I have been struggling with the following exercise and I was wondering whether my solution is correct or not. I am pretty sure about the second part of the question (the martingale part) but not so sure about the first part of the question. Please tell me what you think.
Let $(X_n)_{n=1}^{\infty}$ be a sequence of i.i.d. r.v. on $(\Omega,\mathcal{F},\mathbb{P})$. Assume that $\mathbb{E}X_1=0$ and $\mathbb{E}X_1^2=1$, consider $\mathcal{F}_n=\sigma (X_1,...,X_n)$, and define $M_n=\sum\limits_{k=1}^n\frac{1}{k}X_1\cdot \cdot \cdot X_k$.
Calculate $\mathbb{E}(M_n^2)$ and show that $(M_n)_{n=0}^{\infty}$ is an $(\mathcal{F}_n)_{n=0}^{\infty}$ martingale.
Now my answer is the following:
$\mathrm{Var} (X_1)=(\mathbb{E}X_1^2)-(\mathbb{E}(X_1))^2=1$
Now: $\mathrm{Var}(M_n)=\mathrm{Var}(\sum_{k=1}^{n}\frac{1}{k}(X_1\cdot\cdot\cdot X_k))=\sum_{k=1}^{n}\frac{1}{k^2}\mathrm{Var}(X_1\cdot\cdot\cdot X_k)=\sum_{k=1}^{n}\frac{1}{k^2}$, since $\mathrm{Var}(X_1)=1$ and $(X_n)$ is an iid sequence.
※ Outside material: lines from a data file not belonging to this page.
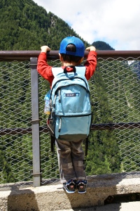体に不釣り合いな大きなザックを背負って頑張ってます。 |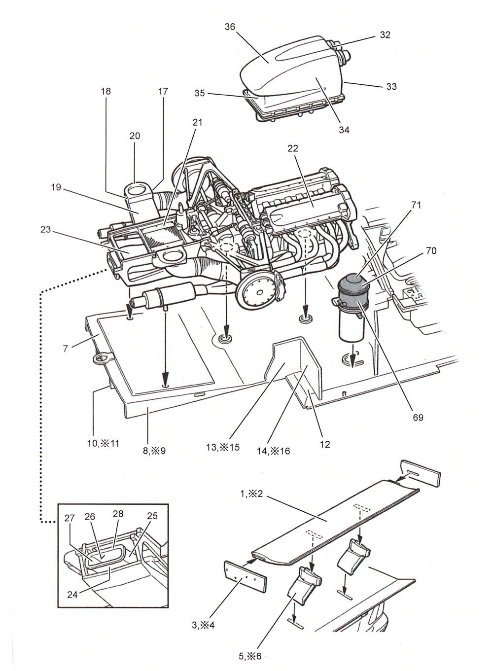 ●コクピット内からエアダクト、フロントユニット、リアディフューザー、エンジンユニット、リアウイングといった車体各所のカーボンパターンを再現した内容となっています。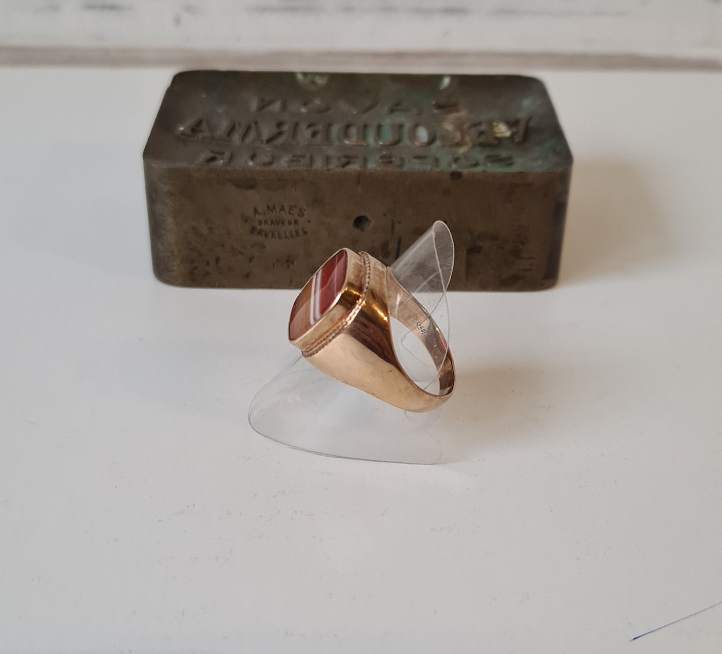 Vintage herrering i 14 kt guld med bånd agat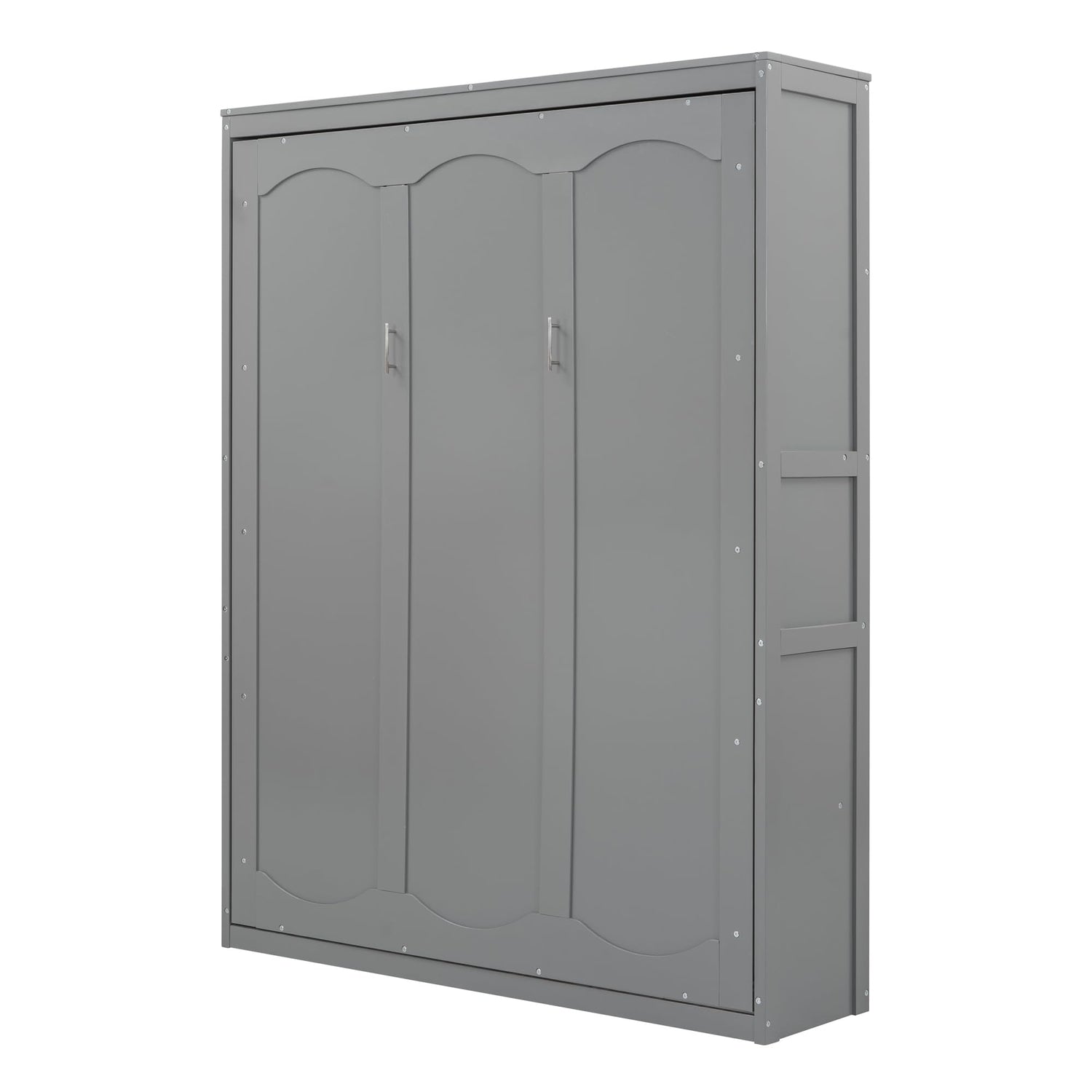 Merax Queen Size Murphy Bed, Wood Queen Murphy Cabinet Bed with Shelves, for Home Office or Small Room, Gray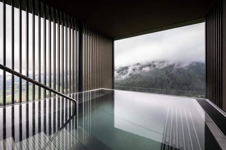 For its latest South Tyrolean realisation, NOA returns to Hubertus in Olang, one of the first places to have revealed the studio's expressive power. After the iconic cantilever pool, a new suspended platform defies gravity law by overturning the concept of wellbeing.

Also we have that: $\mathbb{E}M_n=\mathbb{E}(\sum_{k=1}^{n}\frac{1}{k}(X_1\cdot\cdot\cdot X_k))=\sum_{k=1}^{n}\frac{1}{k}\mathbb{E}(X_1\cdot\cdot\cdot X_k)=0$ since $\mathbb{E}X_1=0$ and $(X_n)$ iid.
Now using that: $\mathbb{E}M_n^{2}=\mathrm{Var}(M_n)+(\mathbb{E}M_n)^2$, we get that: $\mathbb{E}M_n^2=0$.
Now to prove that $(M_n)_{n=0}^{\infty}$ is an $(\mathcal{F}_n){n=0}^{\infty}$ martingale, I proceeded as follows:
$\mathbb{E}(M_{n+1}|\mathcal{F}_n)=\mathbb{E}(M_n+\frac{1}{n+1}(X_1\cdot\cdot\cdot X_{n+1})|\mathcal{F}_n)=\mathbb{E}(M_n|\mathcal{F}_n)+\frac{1}{n+1}\mathbb{E}(X_1\cdot\cdot\cdot X_n|\mathcal{F}_n)=M_n+\frac{1}{n+1}\mathbb{E}(X_1|\mathcal{F}_n)\cdot\cdot\cdot\mathbb{E}(X_{n+1}|\mathcal{F}_n)=M_n+\frac{1}{n+1}\mathbb{E}X_1\cdot\cdot\cdot \mathbb{E}X_{n+1}=M_n+0=M_n.$
For the computation of $\mathbb E[M_n^2]$: the second equality sign has to be justified by the fact that the sequence $(P_j)_{j=1}^n= (X_1\dots X_j)_{j=1}^n $ is non correlated , that is, $\mathrm{Cov}(P_i,P_j)=0$ if $i\neq j$.
We actually have $\mathbb E[M_n^2]=\operatorname{Var}(M_n)+(\mathbb E M_n)^2= \operatorname{Var}(M_n) $.
In the proof that $(M_n)_{n\geqslant 1}$ is a martingale, the second equal sign does not hold, as it would imply that $$\mathbb E[X_1\dots X_{n+1}\mid\mathcal F_n ]=\mathbb E[X_1\dots X_{n}\mid\mathcal F_n ],$$ which is not true. Indeed, $$\tag{*}\mathbb E[X_1\dots X_{n+1}\mid\mathcal F_n ]= X_1\dots X_n\mathbb E[X_{n+1}\mid\mathcal F_n]= 0$$ because $X_{n+1} $ is independent of $\mathcal F_n$, while $$\mathbb E[X_1\dots X_{n}\mid\mathcal F_n ]=X_1\dots X_n.$$ (*) is sufficient to conclude that $\mathbb E[M_{n+1}\mid\mathcal F_n ]=M_n$.